[Source data]
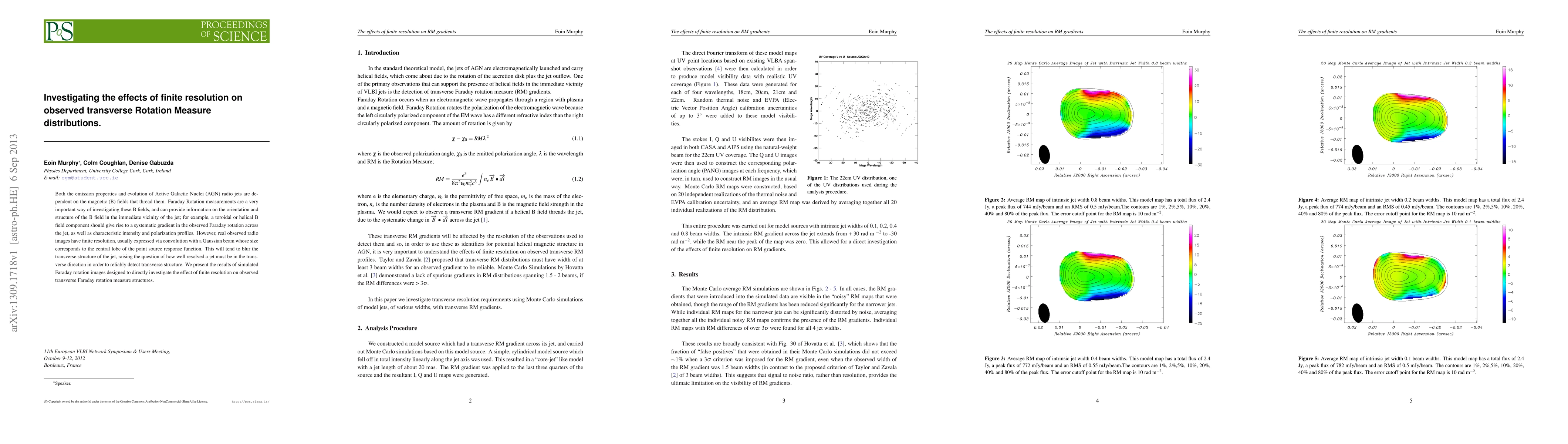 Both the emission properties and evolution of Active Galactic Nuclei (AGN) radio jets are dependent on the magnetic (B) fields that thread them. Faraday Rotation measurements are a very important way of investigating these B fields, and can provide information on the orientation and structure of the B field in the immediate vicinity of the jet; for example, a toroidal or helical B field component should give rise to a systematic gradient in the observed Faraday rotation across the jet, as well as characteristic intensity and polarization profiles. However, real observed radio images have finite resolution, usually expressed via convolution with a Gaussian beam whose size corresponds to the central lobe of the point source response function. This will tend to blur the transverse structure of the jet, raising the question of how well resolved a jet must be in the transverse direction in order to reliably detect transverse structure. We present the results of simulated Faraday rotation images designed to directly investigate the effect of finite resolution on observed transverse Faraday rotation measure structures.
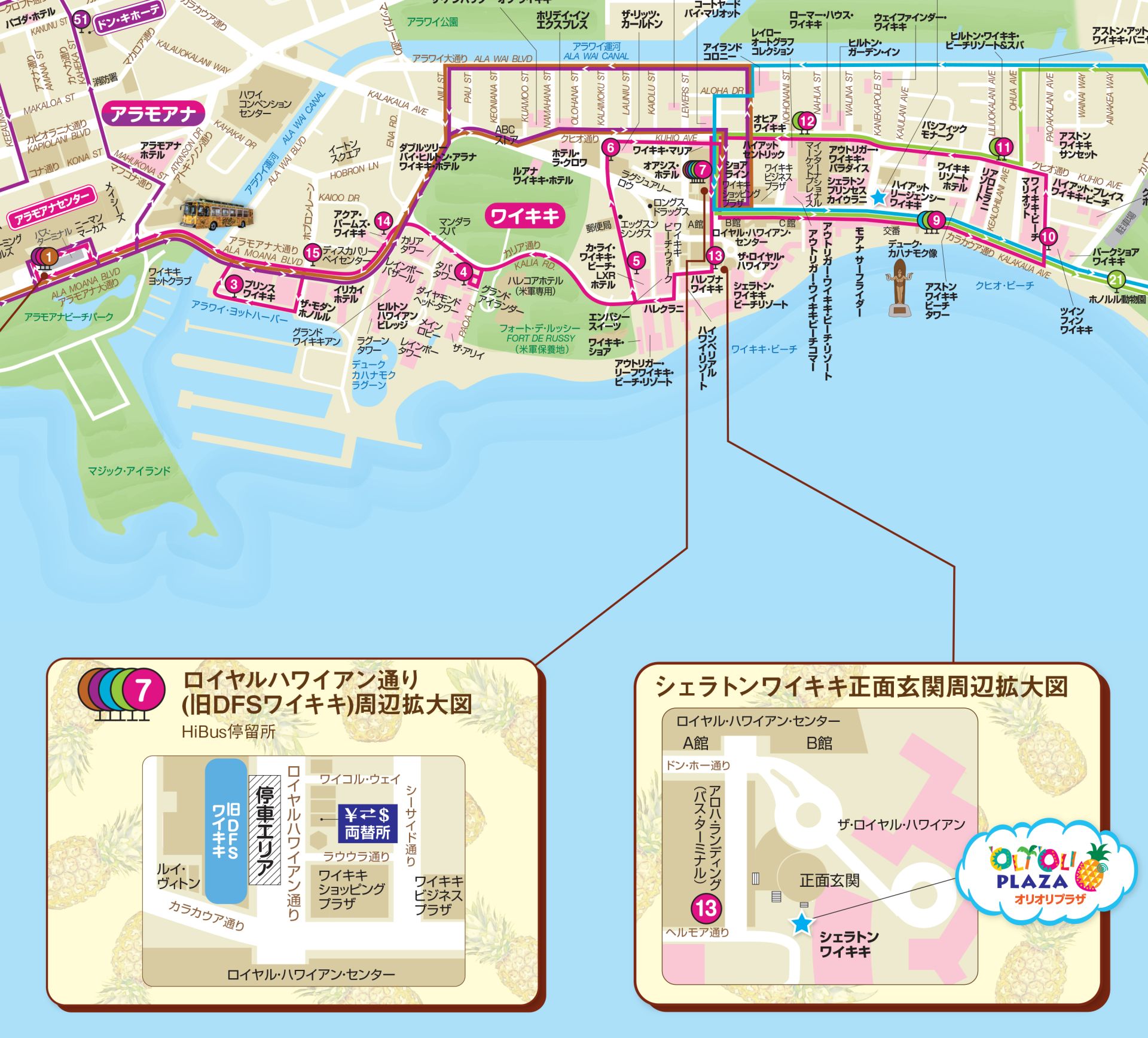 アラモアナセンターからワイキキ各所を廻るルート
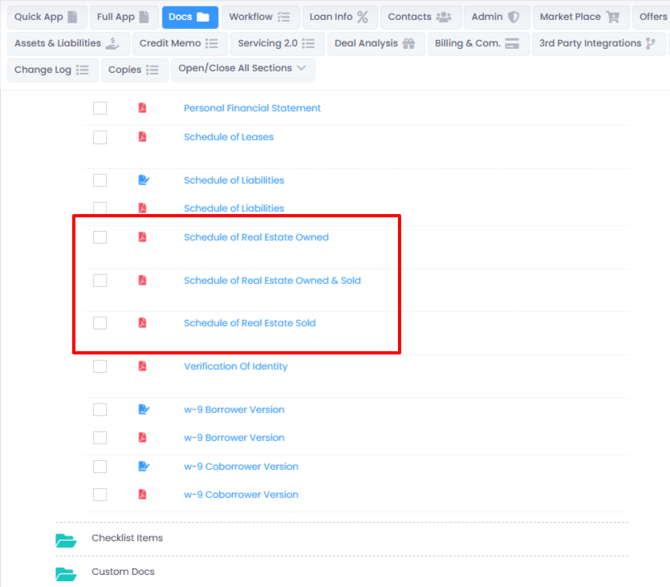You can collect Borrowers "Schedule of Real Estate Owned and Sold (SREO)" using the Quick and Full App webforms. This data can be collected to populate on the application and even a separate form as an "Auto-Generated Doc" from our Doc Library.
[/Source data]
Word-for-word transcript, pictures excluded: copy all the material above.

 Both the emission properties and evolution of Active Galactic Nuclei (AGN) radio jets are dependent on the magnetic (B) fields that thread them. Faraday Rotation measurements are a very important way of investigating these B fields, and can provide information on the orientation and structure of the B field in the immediate vicinity of the jet; for example, a toroidal or helical B field component should give rise to a systematic gradient in the observed Faraday rotation across the jet, as well as characteristic intensity and polarization profiles. However, real observed radio images have finite resolution, usually expressed via convolution with a Gaussian beam whose size corresponds to the central lobe of the point source response function. This will tend to blur the transverse structure of the jet, raising the question of how well resolved a jet must be in the transverse direction in order to reliably detect transverse structure. We present the results of simulated Faraday rotation images designed to directly investigate the effect of finite resolution on observed transverse Faraday rotation measure structures.
 アラモアナセンターからワイキキ各所を廻るルート
You can collect Borrowers "Schedule of Real Estate Owned and Sold (SREO)" using the Quick and Full App webforms. This data can be collected to populate on the application and even a separate form as an "Auto-Generated Doc" from our Doc Library.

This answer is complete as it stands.